**EXERCISE DATA**
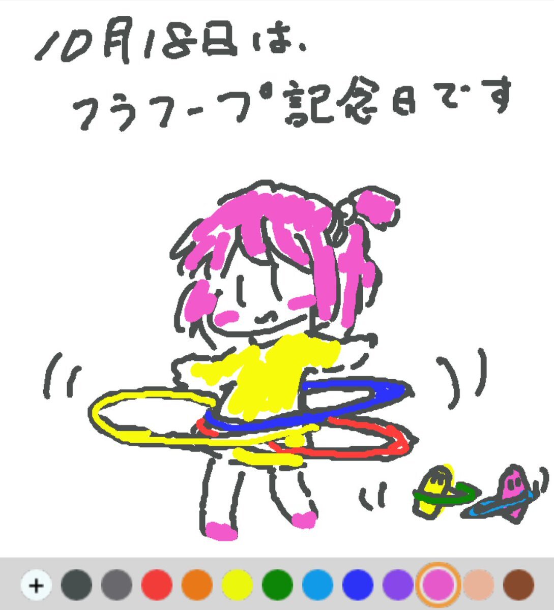 10月18日は、 フラフープ記念日でした♪ 日付は、1958年のこの日、フラフープが東京のデパートで初めて発売されたことから♪ 美容と健康によいと宣伝されたこともあり、子供ばかりでなく大人の間でも大ブームに(#^.^#) #REALITYで描いてみた #REALITYイラスト部 #朝の10分お絵描き #今日は何の日 pic.x.com/nkYT7IvIPF
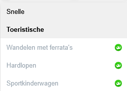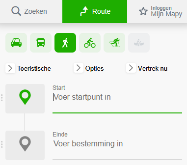 Klik op Toeristische en/of opties" en geef de "manier" van lopen op.
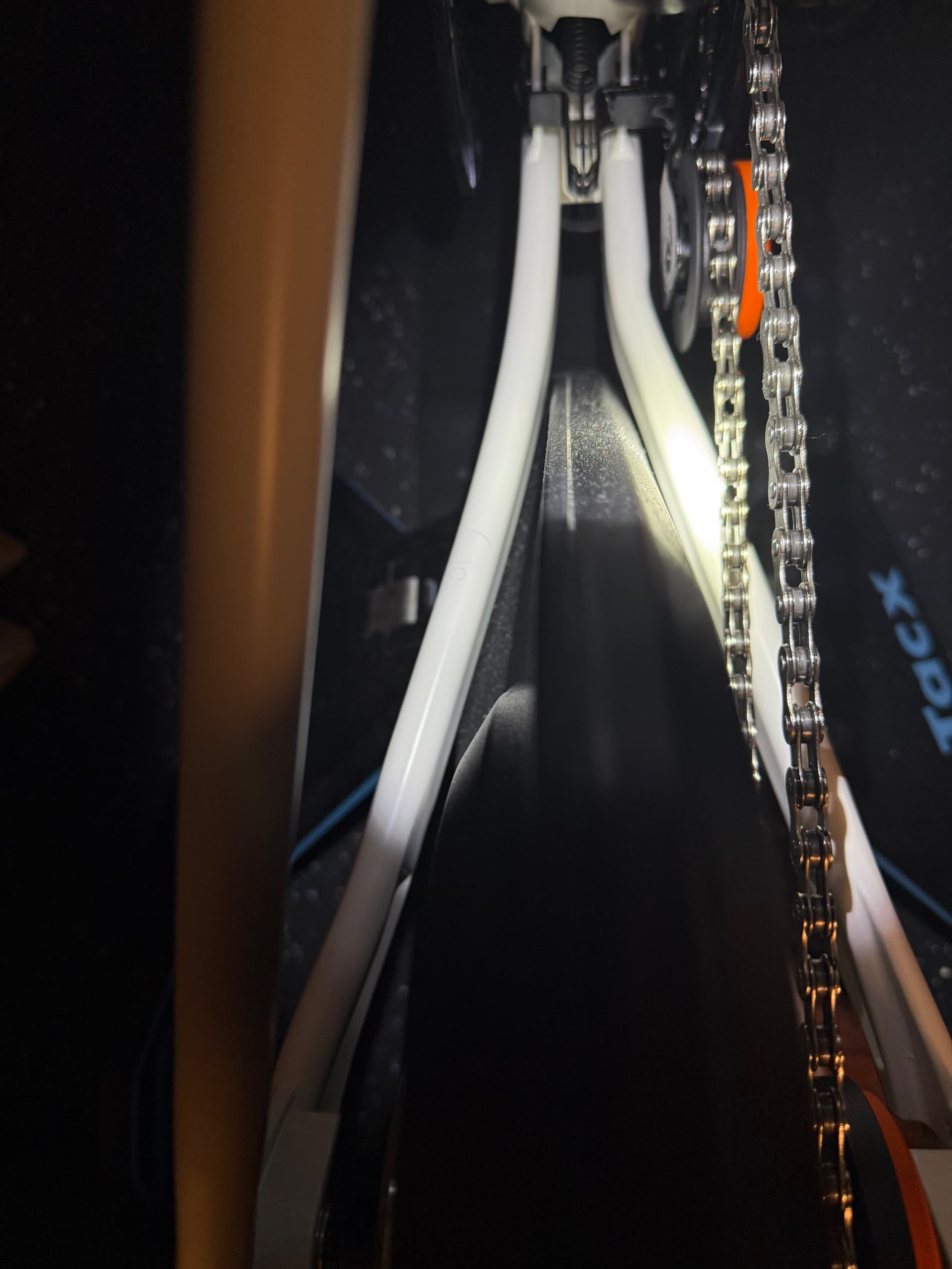 I did not realise that the front end of the right chainstay was so pinched in. Clearly Zwift only tested the protos on certain hometrainer models. Yup this is a “no go” for 2 smart and 2SE
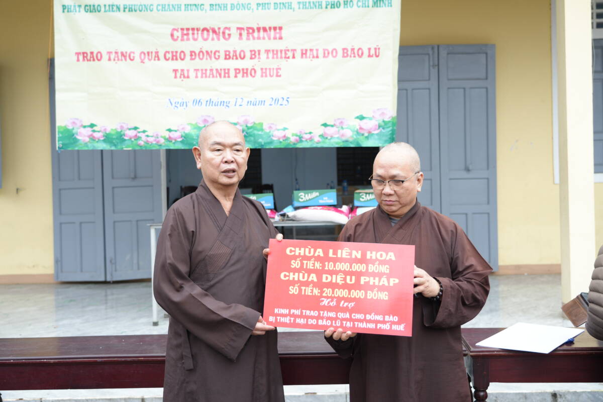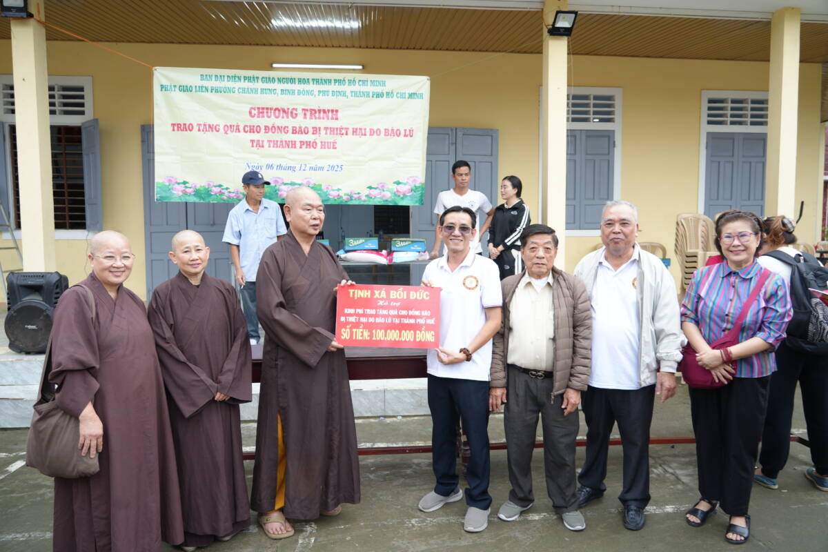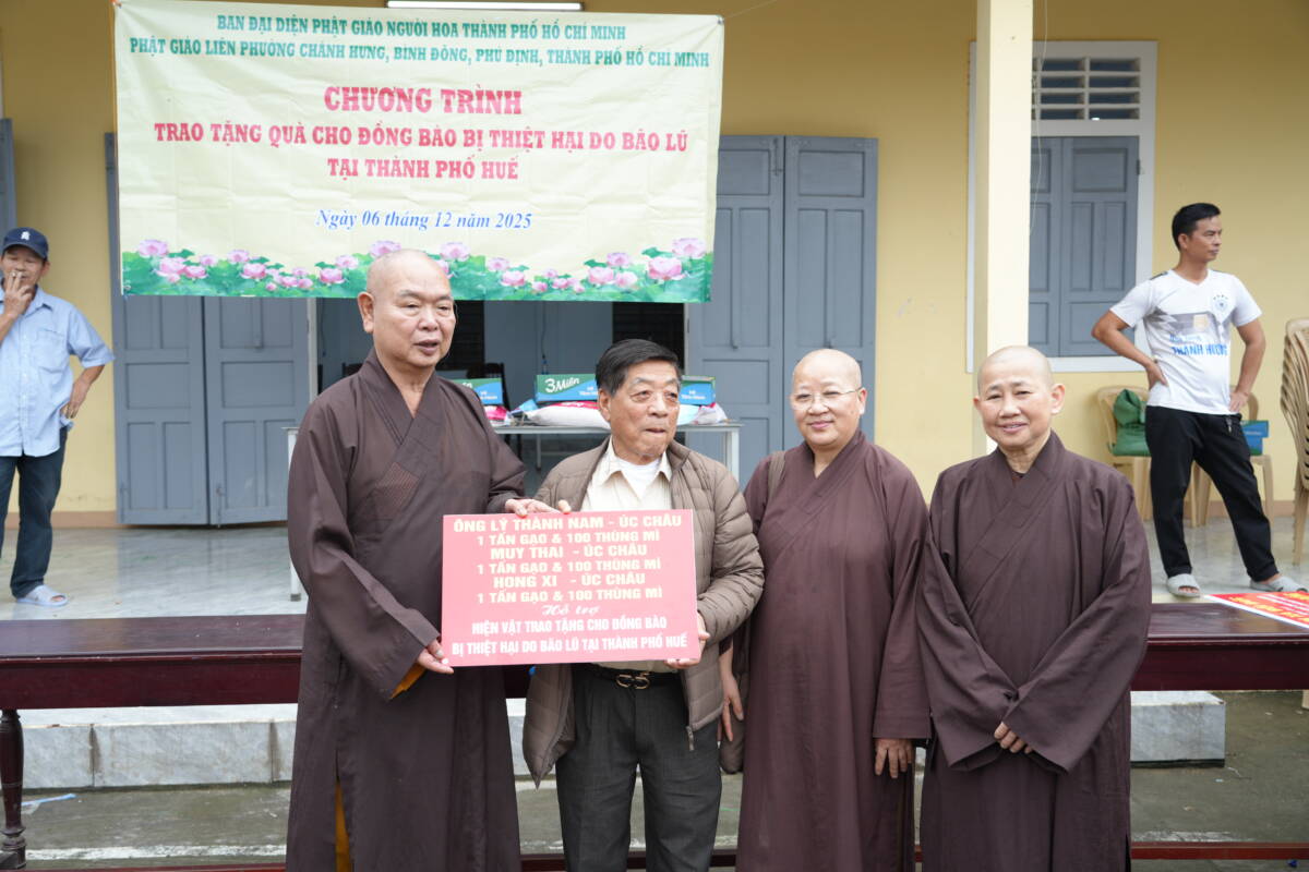 PGĐS – Ngày 6/12/2025, Đoàn Ban đại diện Phật giáo người hoa Tp.HCM, các tự viện liên phường Chánh Hưng, Bình Đông, Phú Định và Phật giáo Vĩnh Long đã đến thành phố Huế phát 1500 suất quà cho người dân có hoàn khó khăn bị ảnh hưởng bão lũ vừa qua.

**YOUR INSTRUCTIONS**
Retype all of the listing word for word and skip the pictures.

**RESPONSE TO THE EXERCISE**
 10月18日は、 フラフープ記念日でした♪ 日付は、1958年のこの日、フラフープが東京のデパートで初めて発売されたことから♪ 美容と健康によいと宣伝されたこともあり、子供ばかりでなく大人の間でも大ブームに(#^.^#) #REALITYで描いてみた #REALITYイラスト部 #朝の10分お絵描き #今日は何の日 pic.x.com/nkYT7IvIPF
 Klik op Toeristische en/of opties" en geef de "manier" van lopen op.
 I did not realise that the front end of the right chainstay was so pinched in. Clearly Zwift only tested the protos on certain hometrainer models. Yup this is a “no go” for 2 smart and 2SE
 PGĐS – Ngày 6/12/2025, Đoàn Ban đại diện Phật giáo người hoa Tp.HCM, các tự viện liên phường Chánh Hưng, Bình Đông, Phú Định và Phật giáo Vĩnh Long đã đến thành phố Huế phát 1500 suất quà cho người dân có hoàn khó khăn bị ảnh hưởng bão lũ vừa qua.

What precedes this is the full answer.